The U.S. imposed new tariffs on China this week that were close to the worst possible scenario, despite mainstream media comments to the contrary. The fact that China responded with nothing more than 5-10% tariffs on $60bln of U.S. imports soothed the markets, and stocks rallied. The mistake being made, however, is that China is unlikely done retaliating just yet, and there is likely more to come. What is clear is that neither side is willing to back down in this trade war, so it is probably going to get worse. This is why I still see a risk of higher USD/CNY (despite recent comments from the Chinese Premier to the contrary) and lower Gold prices ahead. The bigger question is: when does it all end? When does Gold finally bottom and rally?

In last week’s article, “When The U.S. Stock Market Crashes, Buy Gold”, I explained why I believe that a U.S. stock market crash is coming. I also shared why this would be followed by a Fed reversal in policy to stimulus on steroids and that this would mean a peak and fall in the dollar, including USD/CNY. This would signal the beginning of the end to the trade war, because a weaker dollar would succeed where tariffs have failed in reducing the U.S. trade deficit with China. A more immediate effect of a return to quantitative easing combined with a decline in USD/CNY would be a soaring Gold price. Silver, Platinum, and especially the Miners would follow suit and then pass Gold on the way up.

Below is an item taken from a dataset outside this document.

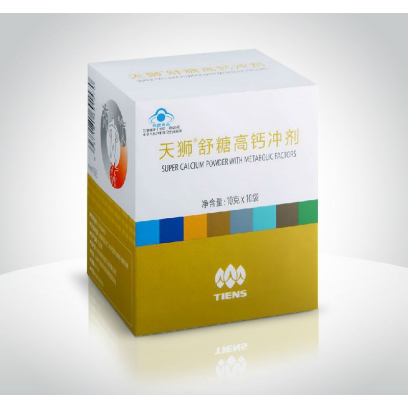 TIENS Super Calciu, pulbere cu Factori Metabolici este obtinut din componete naturale pure, nu contine sucroza si are un continut scazut de grasimi si calorii. 10 g (un pliculet) contin peste 360 mg de pulbere enzimolitica de calciu din oase. Acest produs contine ciclopropil aminoacid, factor de scadere a nivelului de zahar din sange, ce poate regla in mod eficace functia secretorie a pancreasului, poate stimula multiplicarea bifidobacteriilor din tractul intestinal, mentine functiile normale ale tractului intestinal si intari imunitatea. In plus, contine 18 aminoacizi, colagen, fosfoproteina, minerale si vitamine. Au fost adaugate faina de dovleac si oligoraharide functionale pentru a proteja pancreasul, a suplimenta cantitatea de calciu, a reduce nivelul de zahar din sange, a echilibra nutritia si a preveni cnmplicatiile diabetice.

Having already explained why I expect a stock market crash in the U.S., this week I want to share with you the market signals I am monitoring that indicate such a crash is about to occur. This crash will launch a series of events that cause Gold to rally beyond its 2016 high and then some, in my opinion.


A negative divergence occurs when price hits a higher high but it is not confirmed by a higher high in the RSI, MACD Histogram or MACD Line. Such divergence on a monthly basis occurred at the peaks in the S&P in March 2000, October 2007, and we are seeing it again now, given that the S&P is hitting new all-time highs. This does not mean that the S&P has peaked yet, but does suggest that it is close. This tells me we’re in the “sell zone”. However, we obviously cannot rely on one signal alone.


You can also get a negative divergence based on a higher high in price but a lower high in sentiment. My preferred measure of sentiment is the daily sentiment index, or DSI.

In May 2007, the spot DSI peaked at 93 and the 21-day moving average DSI at 89. Price rose to a higher high in October 2007, but the spot DSI peaked at a lower high of 88 and the 21-day moving average at 83. This is what I mean by a negatively divergent higher high in price, which typically signals that price is about to fall.

The S&P peaked in October 2007 at 1576 and then proceeded to crash to 666 in March 2009. We could see the same negative divergence play out soon.

In January this year, the S&P peaked at 2873. The spot DSI peaked at 96 and the 21-day moving average at 88.

For 2007/08 to play out again, I am looking for the spot DSI to peak in the high 80s, preferably 90 or so, and the 21-day moving average to peak in the low 80s. If we see such sentiment numbers, I’ll be expecting a crash in stocks to follow soon after.

Peak in 10-Year Bond Yields

Another signal to watch is a negatively divergent peak and fall in the 10-Year yield, just as in July 2007, three months before stocks peaked in October of that year. I don’t expect the lag time to be anywhere near as long this time around.

I’ve been expecting the 10Y yield to rise to 3.30-3.50% before collapsing, but it could happen ahead of that. Recent highs are already negatively divergent on the RSI and MACD Histogram, but the MACD Line has yet to join in.

I’ll summarize the other signals I’m watching as follows…


Bottom in the 2Y-10Y yield curve, and then it starts to rise—as in early 2000 and 2007.


Peak and drop in USD/JPY—started in June 2007.


Widening high yield and/or investment grade credit spreads. Credit leads equities. High yield spreads bottomed in May 2007, months before stocks peaked. Note that they peaked before stocks bottomed also.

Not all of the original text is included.